▸ **What needs to be done**:
All lines from the one containing "本网讯 11月18日,由中共" through the end of the material below are to be printed exactly, both ends included, minus pictures.

▸ **Data shown**:
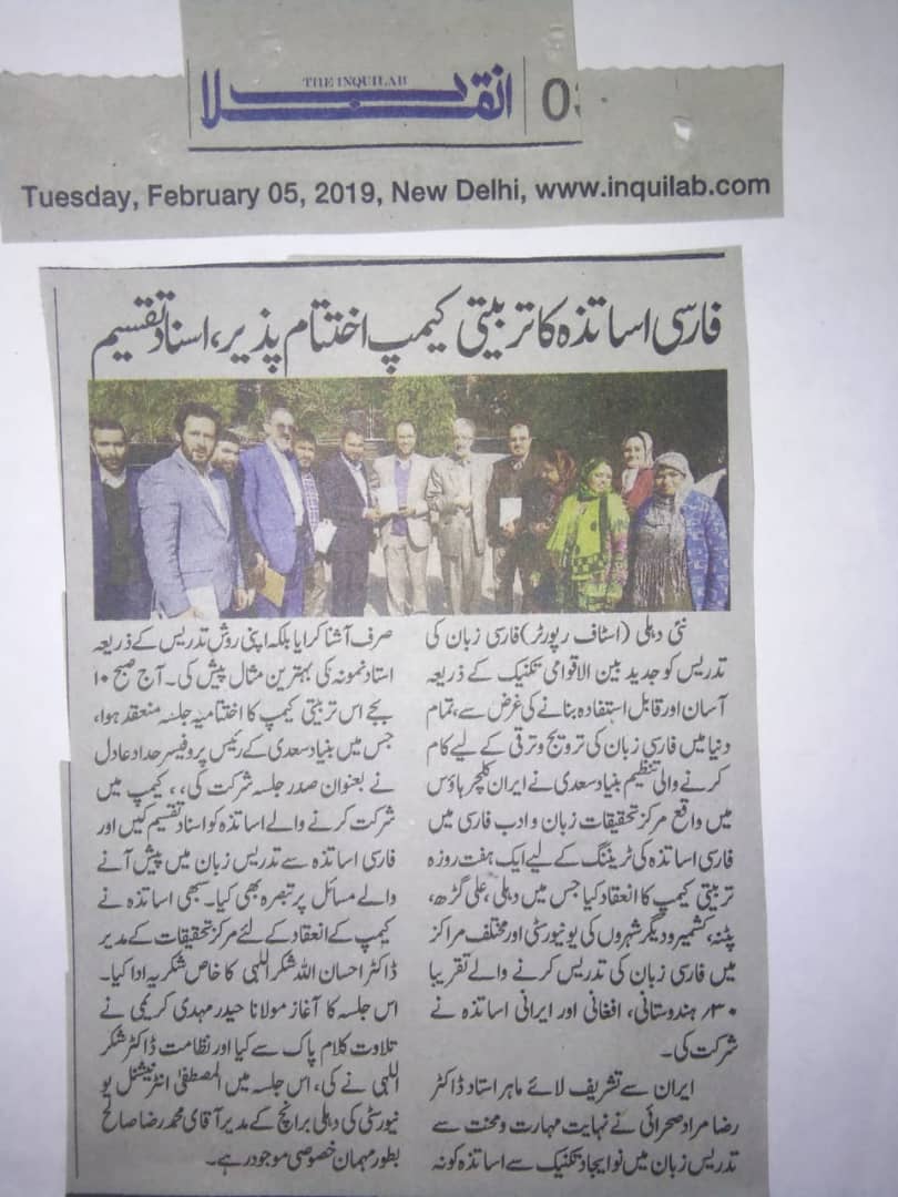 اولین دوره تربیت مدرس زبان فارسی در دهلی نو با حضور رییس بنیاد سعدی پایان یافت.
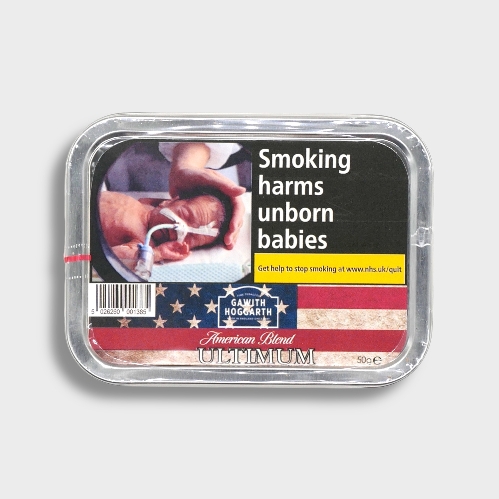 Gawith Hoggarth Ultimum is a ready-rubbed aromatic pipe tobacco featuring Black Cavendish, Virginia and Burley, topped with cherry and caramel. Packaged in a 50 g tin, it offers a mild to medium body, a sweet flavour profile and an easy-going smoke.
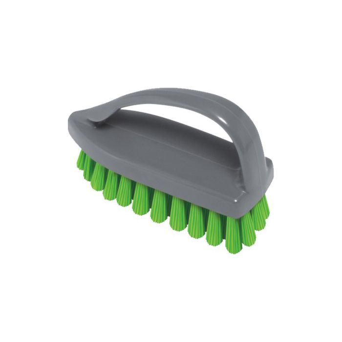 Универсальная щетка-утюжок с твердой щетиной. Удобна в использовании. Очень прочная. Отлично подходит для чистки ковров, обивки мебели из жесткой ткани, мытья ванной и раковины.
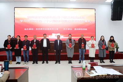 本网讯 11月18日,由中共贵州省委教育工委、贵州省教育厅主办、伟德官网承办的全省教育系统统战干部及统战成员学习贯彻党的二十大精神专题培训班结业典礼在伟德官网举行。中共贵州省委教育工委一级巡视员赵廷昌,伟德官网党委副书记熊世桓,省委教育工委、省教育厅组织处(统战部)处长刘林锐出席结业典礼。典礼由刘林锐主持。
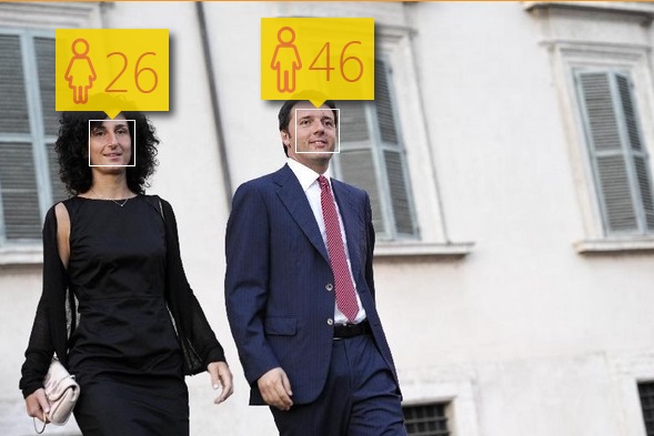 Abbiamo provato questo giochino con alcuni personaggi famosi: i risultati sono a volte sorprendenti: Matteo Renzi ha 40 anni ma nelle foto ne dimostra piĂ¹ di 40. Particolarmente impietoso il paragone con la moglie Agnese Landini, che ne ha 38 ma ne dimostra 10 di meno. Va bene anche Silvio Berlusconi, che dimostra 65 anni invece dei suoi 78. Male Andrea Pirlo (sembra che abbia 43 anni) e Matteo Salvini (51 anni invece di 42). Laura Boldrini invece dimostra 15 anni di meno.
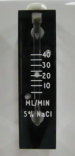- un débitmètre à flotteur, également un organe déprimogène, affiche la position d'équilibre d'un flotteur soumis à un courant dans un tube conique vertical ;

▸ **Solution to the problem**:
 本网讯 11月18日,由中共贵州省委教育工委、贵州省教育厅主办、伟德官网承办的全省教育系统统战干部及统战成员学习贯彻党的二十大精神专题培训班结业典礼在伟德官网举行。中共贵州省委教育工委一级巡视员赵廷昌,伟德官网党委副书记熊世桓,省委教育工委、省教育厅组织处(统战部)处长刘林锐出席结业典礼。典礼由刘林锐主持。
 Abbiamo provato questo giochino con alcuni personaggi famosi: i risultati sono a volte sorprendenti: Matteo Renzi ha 40 anni ma nelle foto ne dimostra piĂ¹ di 40. Particolarmente impietoso il paragone con la moglie Agnese Landini, che ne ha 38 ma ne dimostra 10 di meno. Va bene anche Silvio Berlusconi, che dimostra 65 anni invece dei suoi 78. Male Andrea Pirlo (sembra che abbia 43 anni) e Matteo Salvini (51 anni invece di 42). Laura Boldrini invece dimostra 15 anni di meno.
- un débitmètre à flotteur, également un organe déprimogène, affiche la position d'équilibre d'un flotteur soumis à un courant dans un tube conique vertical ;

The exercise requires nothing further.